[[ EXCERPTED DATA, beginning ]]
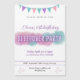そしてスタイリッシュおもしろいの誕生日の招待状は女の子やティーンの眠りのパーティーのために。レタリングにモダンはかわいらしグロー効果とパゼルピンク、紫、青/ティール(緑がかった色)色を使用し、デザインは紫色の星で仕上げられる。すべてのパーティー詳細でカスタマイズ可能。
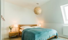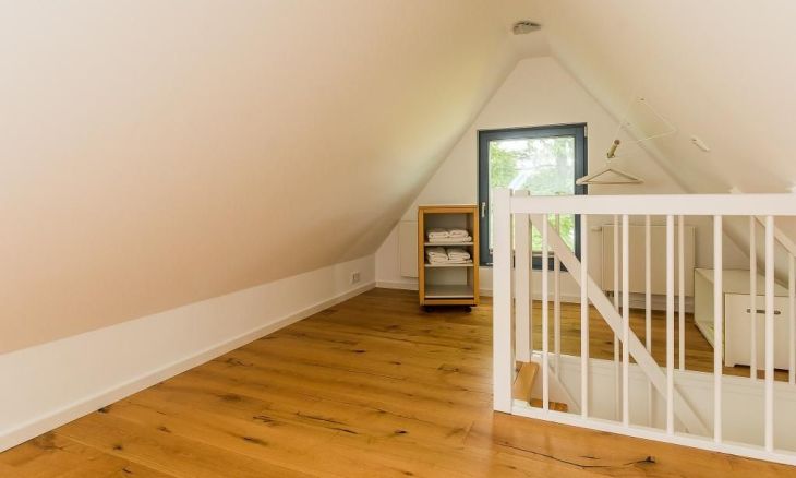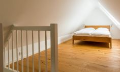 Über eine etwas steilere Treppe erreichst du das zweite offene Schlafzimmer im Dachgeschoss, welches ebenfalls über ein Doppelbett verfügt.
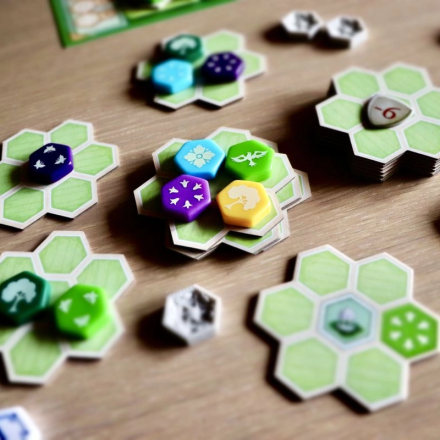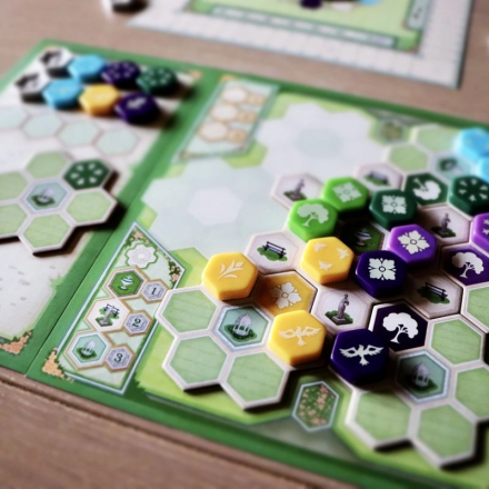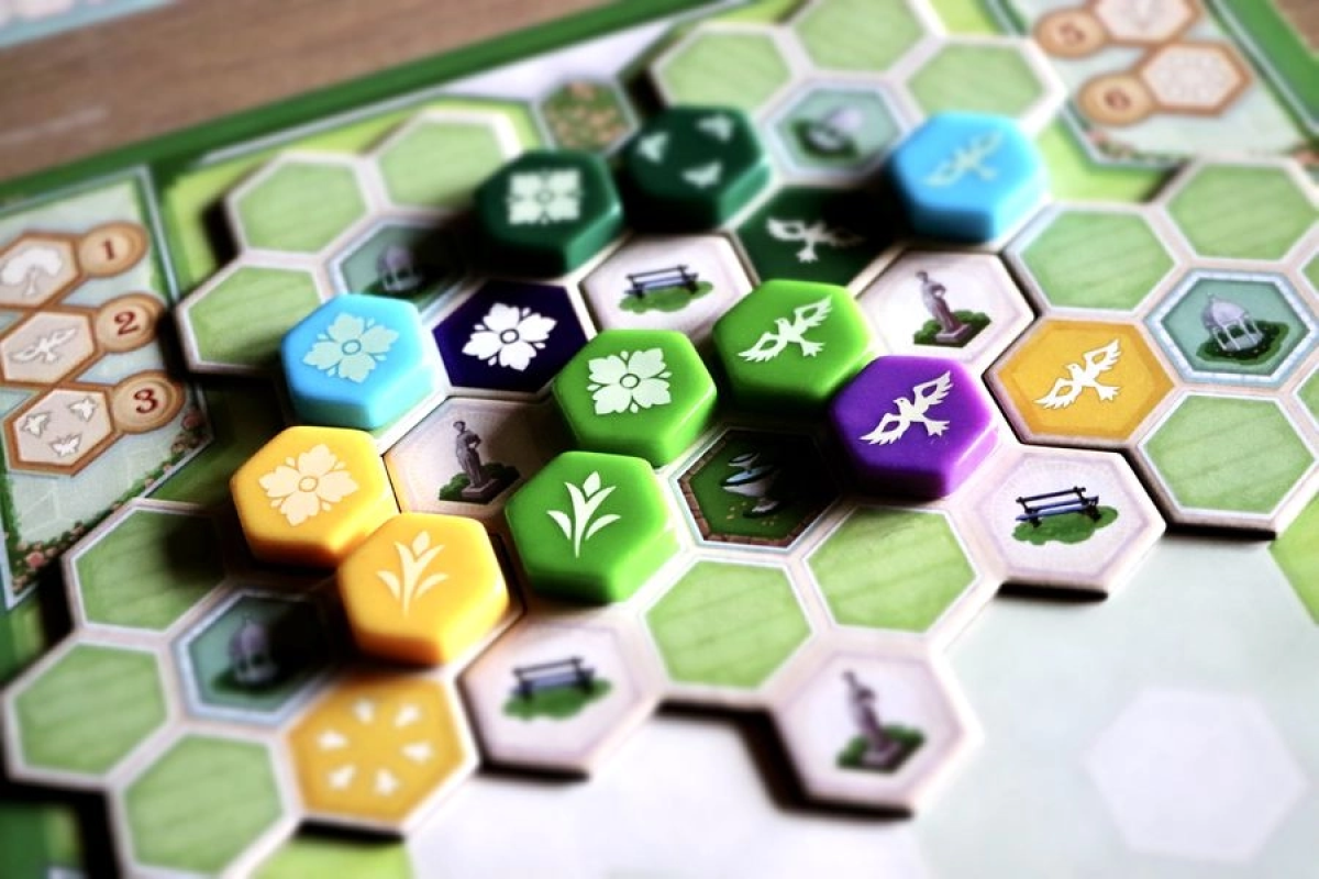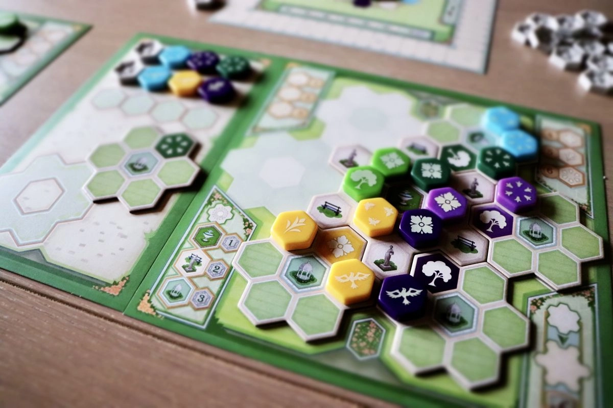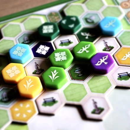 «Сад королевы» – это самостоятельная игра в мире Азул с механикой драфта. Цель игры – за четыре раунда создать необычайной красоты сад, комбинируя цвета и узоры, у каждого из которых есть своя ценность. Игроки будут строить аллеи сада из гексовых жетонов, а в конце каждого раунда будут подсчитывать баллы за выложенные на них плитки.
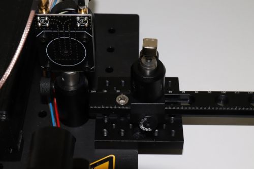 - 2 mal Linsen (Fokussierung des einfallenden Lichts auf den Diamanten + Abbildung des Diamanten auf die Photodiode)
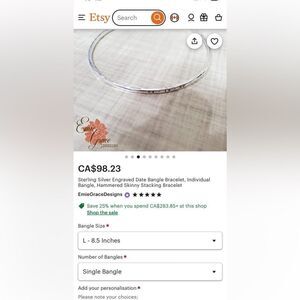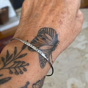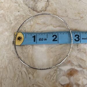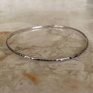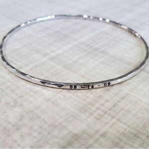 In excellent preowned condition lovely sterling silver bangle bracelet with an engraved date. Handcrafted with a hammered finish, this skinny bangle is the perfect stacking bracelet.
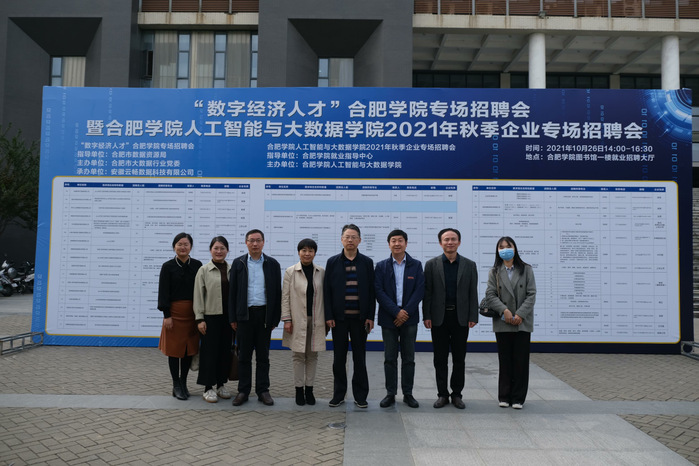 为推动毕业生更加充分更高质量就业,10月26日,人工智能与大数据学院于图书馆一楼就业招聘大厅走廊举办 “数字经济人才”合肥学院专场招聘会暨人工智能与大数据学院2021年秋季企业专场招聘会,本次招聘会得到了合肥市数字资源局的大力支持。合肥市数据资源局三级调研员申林,我校党委委员、学生工作部部长朱涛,人工智能与大数据学院党委书记牛欣、院长檀明、党委副书记储昭辉到现场检查指导工作。
[[ EXCERPTED DATA, end ]]
EXERCISE PROMPT: Go through the records above and write out every line exactly, passing over the pictures.

ANSWER SPACE:
そしてスタイリッシュおもしろいの誕生日の招待状は女の子やティーンの眠りのパーティーのために。レタリングにモダンはかわいらしグロー効果とパゼルピンク、紫、青/ティール(緑がかった色)色を使用し、デザインは紫色の星で仕上げられる。すべてのパーティー詳細でカスタマイズ可能。
 Über eine etwas steilere Treppe erreichst du das zweite offene Schlafzimmer im Dachgeschoss, welches ebenfalls über ein Doppelbett verfügt.
 «Сад королевы» – это самостоятельная игра в мире Азул с механикой драфта. Цель игры – за четыре раунда создать необычайной красоты сад, комбинируя цвета и узоры, у каждого из которых есть своя ценность. Игроки будут строить аллеи сада из гексовых жетонов, а в конце каждого раунда будут подсчитывать баллы за выложенные на них плитки.
 - 2 mal Linsen (Fokussierung des einfallenden Lichts auf den Diamanten + Abbildung des Diamanten auf die Photodiode)
 In excellent preowned condition lovely sterling silver bangle bracelet with an engraved date. Handcrafted with a hammered finish, this skinny bangle is the perfect stacking bracelet.
 为推动毕业生更加充分更高质量就业,10月26日,人工智能与大数据学院于图书馆一楼就业招聘大厅走廊举办 “数字经济人才”合肥学院专场招聘会暨人工智能与大数据学院2021年秋季企业专场招聘会,本次招聘会得到了合肥市数字资源局的大力支持。合肥市数据资源局三级调研员申林,我校党委委员、学生工作部部长朱涛,人工智能与大数据学院党委书记牛欣、院长檀明、党委副书记储昭辉到现场检查指导工作。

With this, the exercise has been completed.